##### ENTRIES SHOWN #####

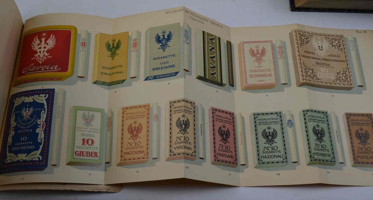 Cm. 23,5, pp. 398. Con moltissime illustrazioni nel testo e le quattro belle tavole più volte ripiegate f.t. in cromolitografia in fine. Brossura editoriale illustrata a colori. Esemplare genuino e ben conservato. Bella e vasta monografia sul tabacco.
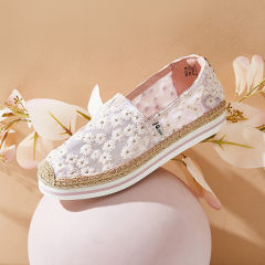 【女款】 小清新花瓣乐福鞋女镂空网纱透气春季款厚底一脚蹬懒人休闲女单鞋
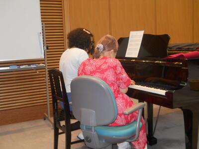 童謡の「こぎつね」をピアノや木琴で練習をしました。初めてピアノに触れる通室生もおり、熱心に練習していました。木琴を練習した通室生も、楽譜にドレミを書いて頑張っていました。
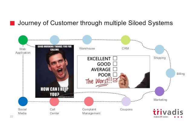 - 19. Journey of Customer through multiple Siloed Systems 21 Social Media Call Center Complaint Management Marketing Coupons Warehouse CRM Shipping Billing Order Processing Web Application
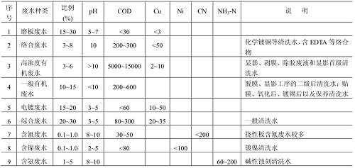 表1 印制電路板廢水水質(zhì)水量分類表 (單位:mg/L,pH 除外)
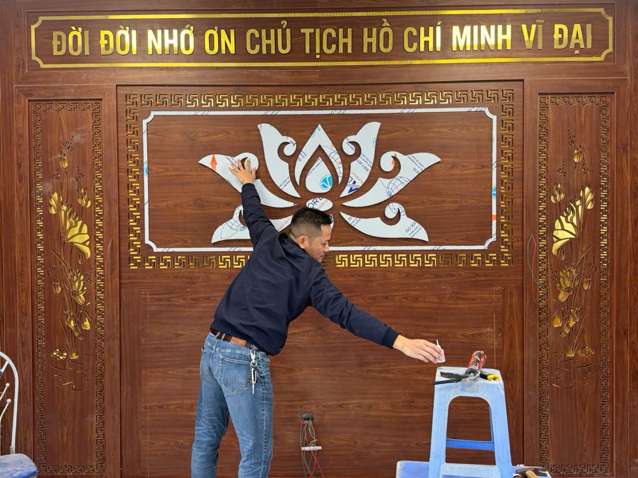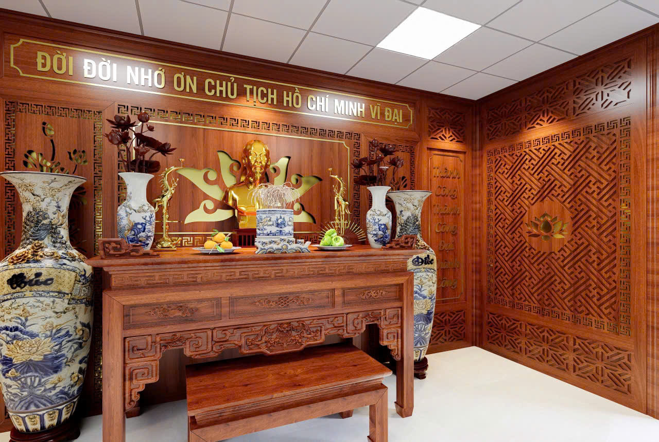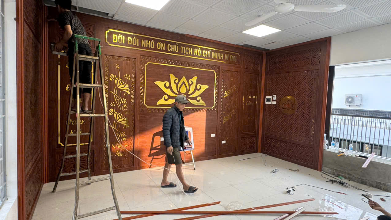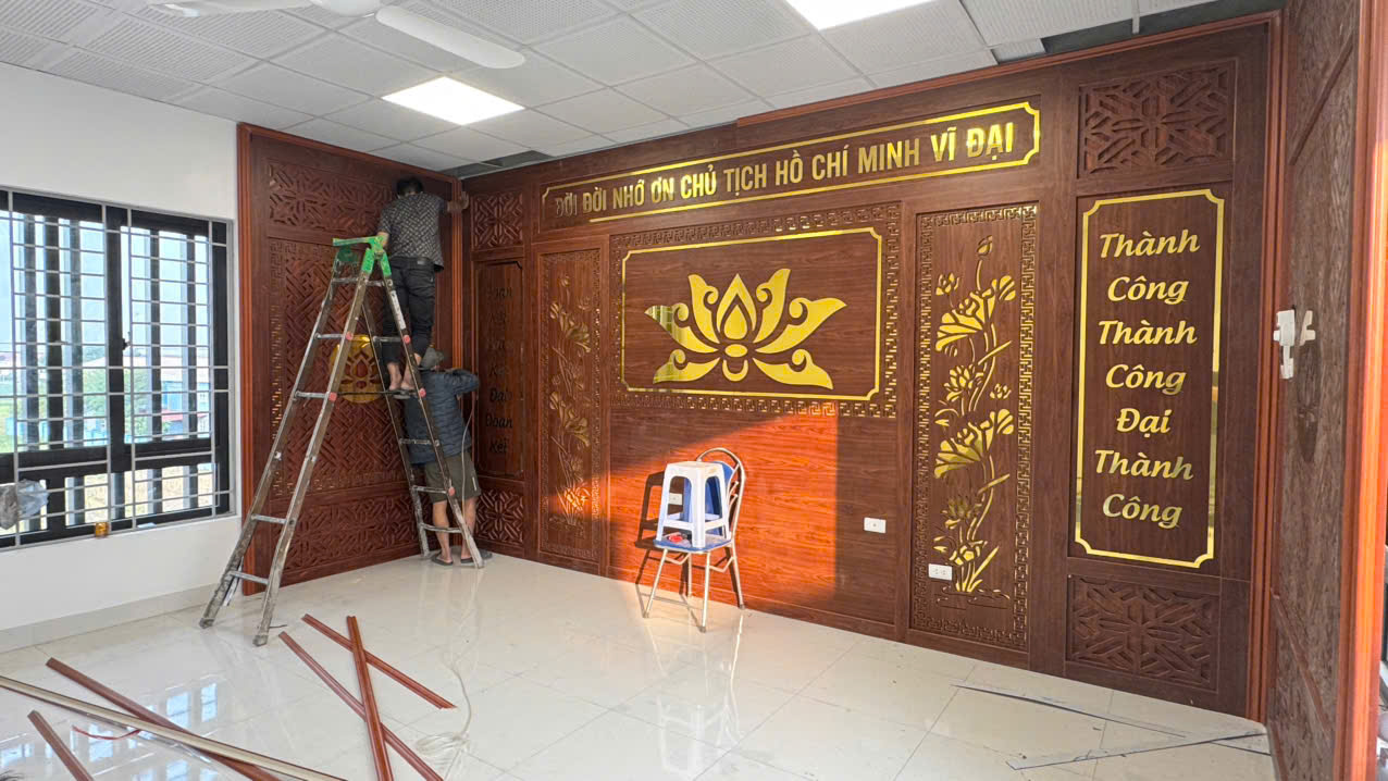 Công trình thi công vách CNC phòng thờ Bác Hồ tại BCHQS xã Thư Lâm
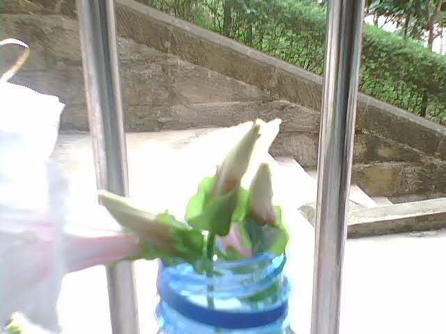 站在栏边,看着朋友从山上采回的喇叭花正在向命运抗争,它那不向命运低头的姿态感动了我。
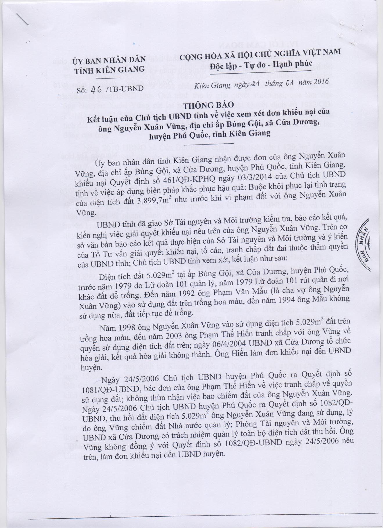 Ngày 24/5/2006, Chủ tịch UBND huyện Phú Quốc ra Quyết định số 1082 thu hồi đất diện tích 5.029m2 ông Nguyễn Xuân Vững đang sử dụng, lý do chiếm đất Nhà nước quản lý. Phòng Tài nguyên và Môi trường, UBND xã Cửa Dương có trách nhiệm quản lý toàn bộ diện tích đất thu hồi.
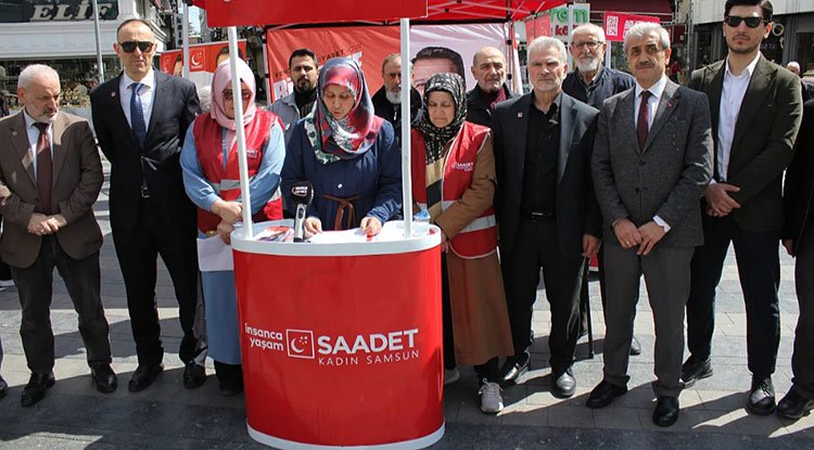 Saadet Partisi (SP) Samsun Kadın Kolları tarafından düzenlenen basın açıklamasında toplumsal ve siyasal çürümeye dikkat çekildi. Kadın Kolları Başkanı Özlem Deniz, "Bizler, bu ülkenin insanına kader olarak çürümeyi, adaletsizliği ve değersizleşmeyi reva gören anlayışı kabul etmiyoruz" dedi.
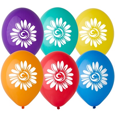 Воздушные шары "Ромашка большая" наполнены гелием. Время полета 12 часов, можно продлить обработав шарики Hi-Float. Гарантированное время полета обработанных шариков 48 часов (как правило летают неделю и дольше).
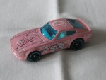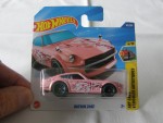 bläuliche, durchsichtige Scheiben und weisses Linkslenker-Interieur. Bordeauxfarbene, vernietete Kunststoffbodenplatte. Auf der Motorhaube ein Zweig eines blühenden Kirschbaums. Auf den Seiten ein weiterer Zweig eines blühenden Kirschbaums mit einem weissen Kreis im Hintergrund und dem weissen Aufdruck 240 Z sowie dem Hot Wheels Logo. Auf dem Dach ein weisser Kreis und dem Buchstaben "T". Schwarze 5-Doppel-Steg-Felgen mit blauem Zierring und Hartplastikräder. Fahrzeug aus der 2025-ere Art Cars Véhicle Artistiques, zweite Farbvariante

#####

* **ASSIGNMENT**
Pictures are to be left out, and the lines from the beginning of the records through the line with "неделю и дольше)." are to be printed exactly, with nothing added.

* **SOLUTION**
 Cm. 23,5, pp. 398. Con moltissime illustrazioni nel testo e le quattro belle tavole più volte ripiegate f.t. in cromolitografia in fine. Brossura editoriale illustrata a colori. Esemplare genuino e ben conservato. Bella e vasta monografia sul tabacco.
 【女款】 小清新花瓣乐福鞋女镂空网纱透气春季款厚底一脚蹬懒人休闲女单鞋
 童謡の「こぎつね」をピアノや木琴で練習をしました。初めてピアノに触れる通室生もおり、熱心に練習していました。木琴を練習した通室生も、楽譜にドレミを書いて頑張っていました。
 - 19. Journey of Customer through multiple Siloed Systems 21 Social Media Call Center Complaint Management Marketing Coupons Warehouse CRM Shipping Billing Order Processing Web Application
 表1 印制電路板廢水水質(zhì)水量分類表 (單位:mg/L,pH 除外)
 Công trình thi công vách CNC phòng thờ Bác Hồ tại BCHQS xã Thư Lâm
 站在栏边,看着朋友从山上采回的喇叭花正在向命运抗争,它那不向命运低头的姿态感动了我。
 Ngày 24/5/2006, Chủ tịch UBND huyện Phú Quốc ra Quyết định số 1082 thu hồi đất diện tích 5.029m2 ông Nguyễn Xuân Vững đang sử dụng, lý do chiếm đất Nhà nước quản lý. Phòng Tài nguyên và Môi trường, UBND xã Cửa Dương có trách nhiệm quản lý toàn bộ diện tích đất thu hồi.
 Saadet Partisi (SP) Samsun Kadın Kolları tarafından düzenlenen basın açıklamasında toplumsal ve siyasal çürümeye dikkat çekildi. Kadın Kolları Başkanı Özlem Deniz, "Bizler, bu ülkenin insanına kader olarak çürümeyi, adaletsizliği ve değersizleşmeyi reva gören anlayışı kabul etmiyoruz" dedi.
 Воздушные шары "Ромашка большая" наполнены гелием. Время полета 12 часов, можно продлить обработав шарики Hi-Float. Гарантированное время полета обработанных шариков 48 часов (как правило летают неделю и дольше).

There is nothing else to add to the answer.